Early Estimates of AI’s Economic Impact
Has the burgeoning influence of artificial intelligence (AI) translated into measured macroeconomic statistics? If so, where and how would we expect to see those impacts, and what are the current challenges in identifying and measuring those impacts? If not, is it because the statistics are lacking? And if they are, is a paradigm shift in economic statistics required to capture these new technologies, or is a narrow focus on particular areas and data collection sufficient? A recent U.S. Bureau of Economic Analysis (BEA) working paper by Tina Highfill and Jon D. Samuels addresses these questions.
The paper examines the economic impact of AI in the United States, focusing on the challenges of measuring AI's effects using current national economic accounts. Since there is currently no direct line item for AI in the U.S. accounts, the authors use indirect methods, analyzing data from the BEA industry accounts. They discuss measurement difficulties and recommend steps for future research and data collection.
The inquiry draws on the experience of measuring information technology (IT) in the late 20th century, when economists debated the IT productivity paradox—the notion that IT’s rapid advances were not immediately visible in economic statistics. Over time, with better data and new techniques, researchers showed that IT production and investment were major contributors to U.S. economic growth.
The U.S. statistical system has started to address the need to measure AI's economic effects. For example, the U.S. Census Bureau and the National Center for Science and Engineering Statistics began collecting data on AI use by industry in the 2019 Annual Business Survey, with some data available for 2016–2018. Based on mentions in Google Trends data, as depicted in the chart, AI seems to have entered the zeitgeist in 2022. Therefore, the Highfill-Samuels paper takes that as a starting point for when AI may have begun to have macroeconomic impacts.
The paper does not claim to answer all questions about AI’s economic effects. Instead, it assesses what can be learned from currently available macroeconomic data, draws early conclusions, and makes recommendations for next steps. The focus is on broad, economy-wide impacts, rather than the microeconomic effects of AI that might be visible at the firm or industry level before showing up in national statistics.

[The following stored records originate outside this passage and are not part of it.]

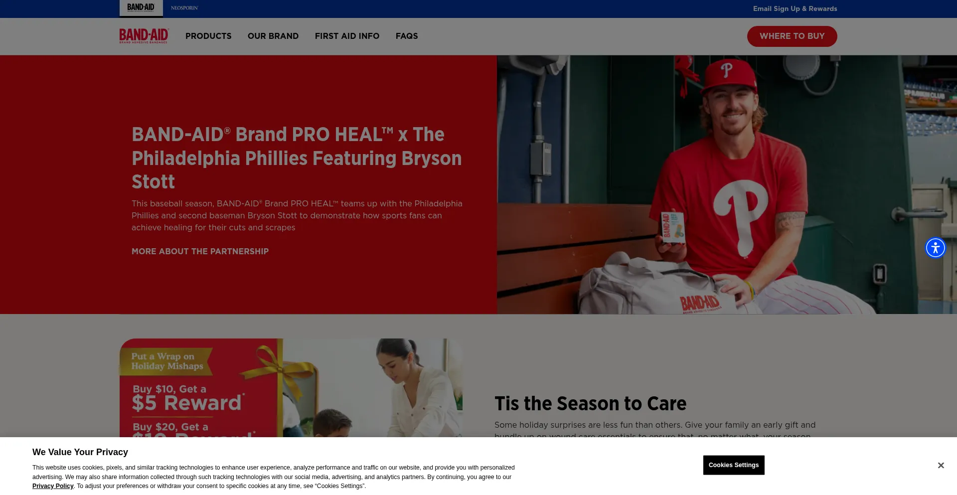 该网站实现符合GDPR或CCPA等隐私法规的cookie同意机制。这表明 band-aid.com 遵守数据保护标准并为用户提供对个人数据收集实践的控制。
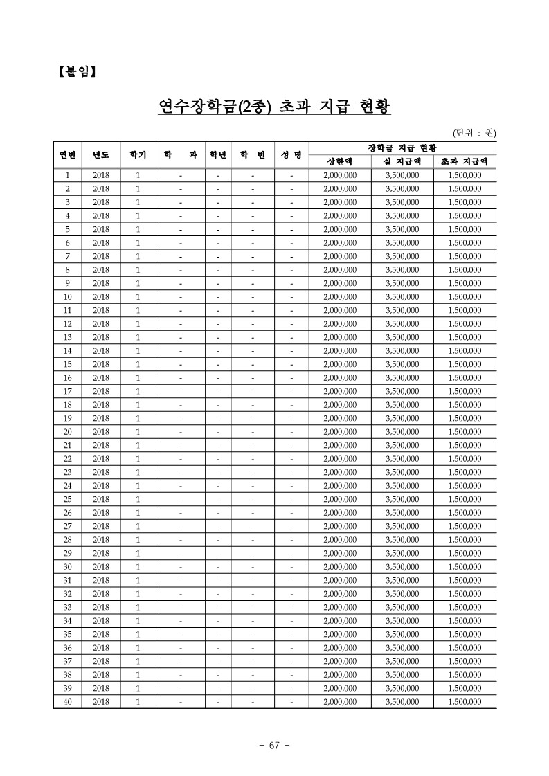 - 명지대학교는 2018. 4. 25. “ㄱㄴ” 연수장학금을 지급 하면서 AA에게 연수장학금(2종) 상한액(2,000천원)보다 1,500천원을 초과한 3,500천원을 지급하는 등【붙임】 “연수장학금(2종) 초과 지급 현황”과 같이 2018학년 도부터 2019학년도까지 위 AA 등 학생 180명에게 연수장학금(2종) 상한액보다 적게는 940천원에서 많게는 1,500천원까지 합계 239,600천원을 초과하여 지급한 사실이 있음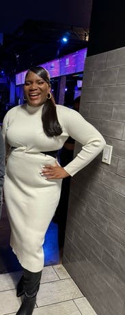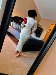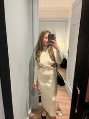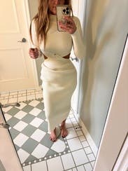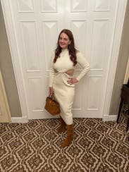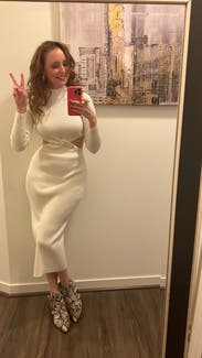 Favorite dress ever! Got so many compliments and I bought it! Sexy cut out, but so classy and beautiful and warm! Obsessed!!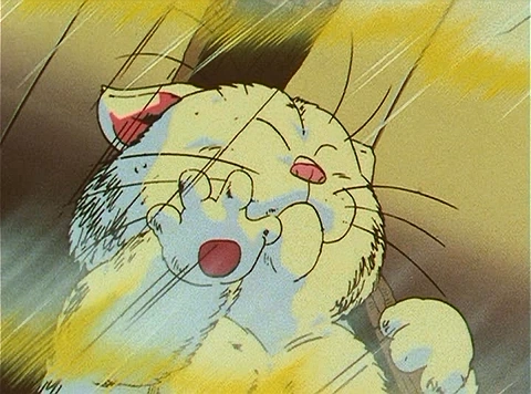 Even Goku's superhuman agility is no match for the cat, as he leads Goku on a chase around and around the tower, matching Goku's Afterimage Technique with his own, eventually becoming bored with the "workout" and calling an end for the day. An exhausted, yet curious Goku asks if anyone has managed to reach the water; the cat responds that the only one who did was Goku's old teacher, Master Roshi, which shocks the boy. He is further shocked when, asking how long it took, Korin responds with three years. The next day, Goku awakes to find Korin dumping "garbage" over the side of the tower, including his Grandpa Gohan's Four-Star Ball. Furious, Goku immediately runs down the tower to retrieve it and climbs it again, while the old cat looks on with satisfaction; what took a day previously has now only taken three hours, a sign of the boy's growing strength.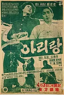 Arirang (Hangul: 아리랑) is a 1926 Korean silent film directed by Na Woon-gyu who also one of the main cast. It is regarded as one of the most influential films in Korean cinema history, as well as the first Korean nationalist film and a critique of the Japanese rule of Korea.[1][2][3] It is named after the traditional song "Arirang," which audiences were said to sing at the conclusion of the film.[4] Arirang is considered a lost film, but a written record of the plot still exists.[2]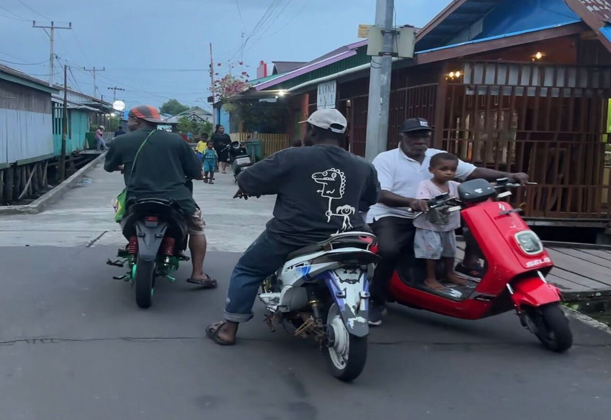 Masyarakat mengendarai motor listrik di Kota Agats, Asmat, Papua Selatan. Foto: Natalia Laurens/JPNN

Using a difference-in-difference model applied to BEA’s data, the authors find that, in their baseline model, AI is associated with higher productivity and reduced use of inputs, including labor. They also find that AI is linked to a shift in the workforce toward younger, less educated workers. An alternative model, using different assumptions about when AI became widespread, produces less robust results but still suggests that AI is labor saving.
The authors emphasize that these findings are preliminary and are sensitive to the choice of model and data. They note that measuring the macroeconomic impact of AI is different from measuring earlier technologies like IT, partly because adopting AI does not always require large capital investments. They recommend further research, with an emphasis on more detailed and consistent data collection, more direct measures of AI use, and improved methods to better understand how AI interacts with other inputs in production.